朱 棠,童江寧
(湖南科技大學外國語學院,湖南湘潭411201)
筆者于先行論文中運用社會語言學理論對日本禮儀中“誕生”、“婚嫁”、“死亡”等三個階段的忌諱語進行了一定的探討,但先行研究并未涉及它們在現代日本人日常生活中的使用狀況,對它們進行一定的掌握是非常有必要的。
此調查于2006年12月-2007年4月實施。著重考察前述三個階段中的忌諱語在日本的使用現狀,所以受試者均為日籍日本人,除個別受試者短期就職于中國外,其余均在日本。受試者無年齡、學歷、地域的限制,但因占卜師及從事宗教行業之人由于職業關系有回避禁忌語、使用委婉語的習慣,所以不納入受試者范圍內。調查共收回問卷390份,其中有效問卷371份,有效率為95%。受試者地域北起北海道南至九州,受試者的個人因素分布情況等見表1。
本研究的工具是自編問卷,問卷內容包括7個部分:受試者個人信息,對忌諱語一詞的認知度,受試者受提醒的來源,對忌諱語的意識度,三大禮儀場合下忌諱語的使用現狀,受試者獲取忌諱語的方式及忌諱語對受試者日常生活的影響程度,影響忌諱語的因素及對忌諱語趨勢的預測等。

表1 受試者年齡、性別、職業分布
利用郵件的形式將問卷發送至日籍友人、老師等,請他們及他們的親朋好友、學生或同事等認真填寫,最后將問卷郵寄給筆者。

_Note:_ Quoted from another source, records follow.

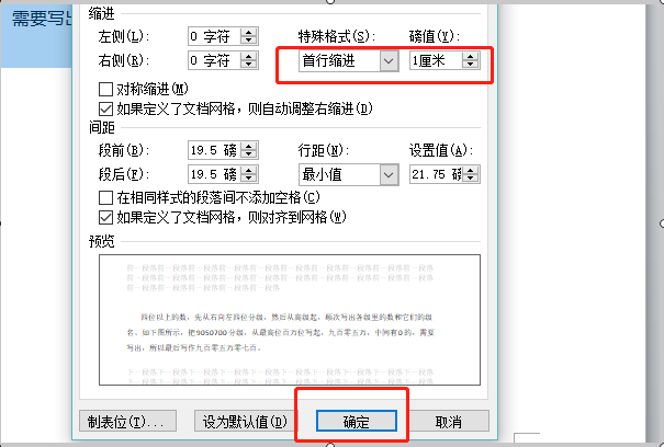 2、在弹出的段落设置框里,缩进选项右边的特殊格式选择“首行缩进”,磅值直接填上1厘米,然后点击下面的确定;
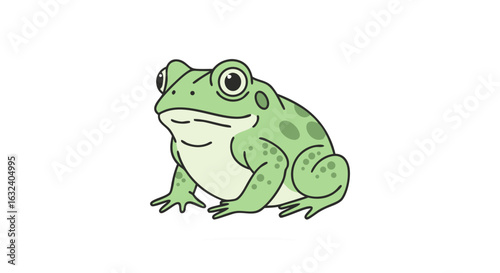 Cartoon illustration featuring a charming green frog with a light-hearted expression and whimsical design perfect for digital use
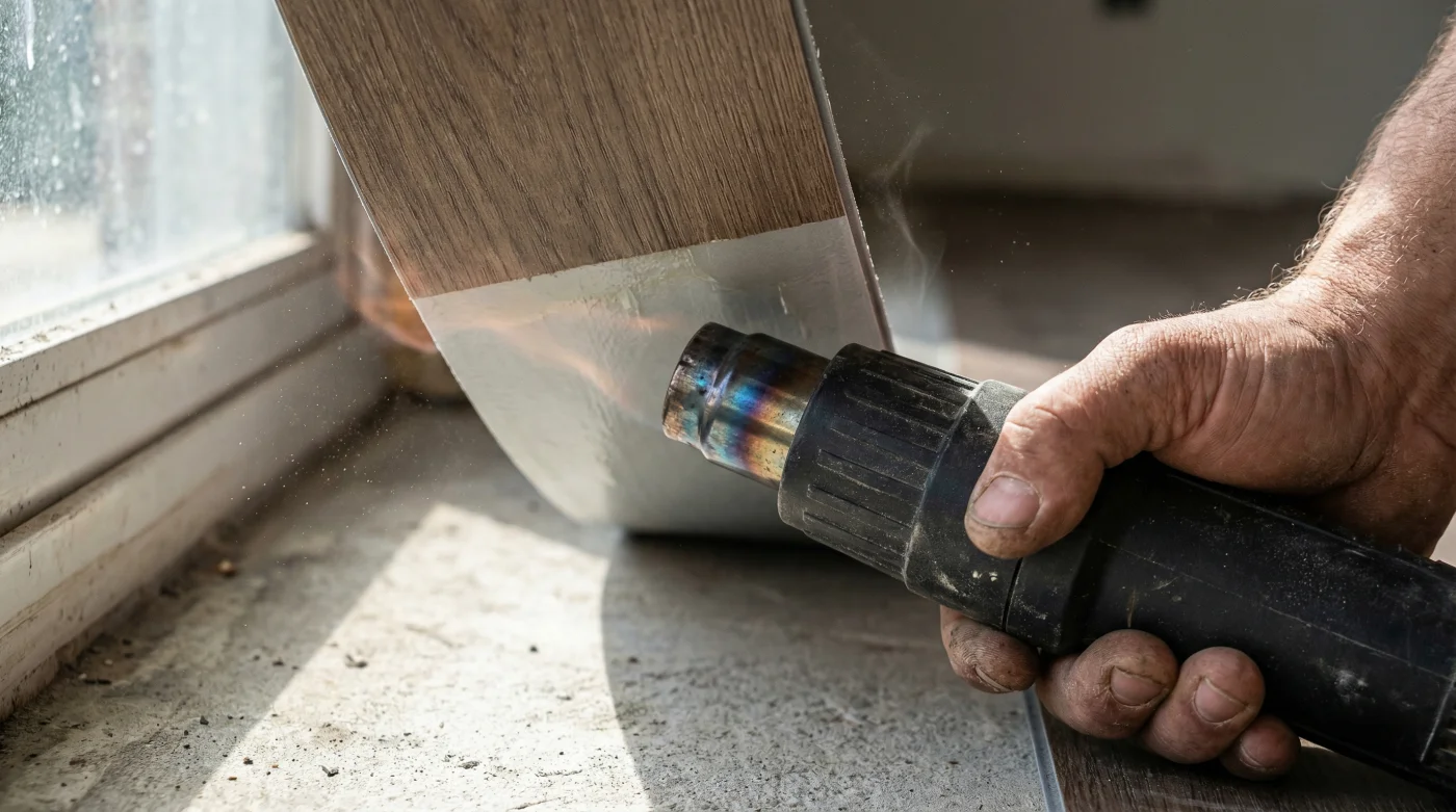 Coloca la palmeta caliente exactamente en su posición. Usa un trapo limpio para presionar desde el centro hacia los bordes, expulsando cualquier burbuja de aire. A medida que el vinilo vuelve a la temperatura ambiente, se encoge microscópicamente, creando un efecto de succión contra el piso viejo que rivaliza con cualquier pegamento comercial.

利用統計分析法對數據進行分類,通過office辦公軟件及儀器精確計算其所占百分比,然后根據數據分析內在因素等。
本次調查設置的問題視情況而選項不一[1],選項多的題項著重分析受試者選擇相對多的選項。接下來通過具體分析所獲取的調查結果,詳細探討現代日本禮儀中忌諱語的使用現狀。
忌諱語是指“因具有不吉利的意思或容易使人產生不吉利的聯想而被避免使用的詞語;或替代前文時所用的詞語。”[2]

表2 日本禮儀中忌諱語使用現狀的調查結果
從有效問卷來看,受試者中四成有余的人選擇了“聽說過且清楚含義”,近四成人選擇了“聽說過但含義模糊”,而只有兩成人選擇了“沒聽說過”。從年齡層來看,年齡往下則對此詞的認知度越低,反之則越高。從常識來看,年齡層低的人群基本是從書本或他人那里獲得此詞的信息,但缺乏實際體驗,而年齡層越高參加社會性的人生禮儀活動的頻率越多,所以對此詞的理解越深刻。總之,現代日本人對忌諱語的認知度并不低。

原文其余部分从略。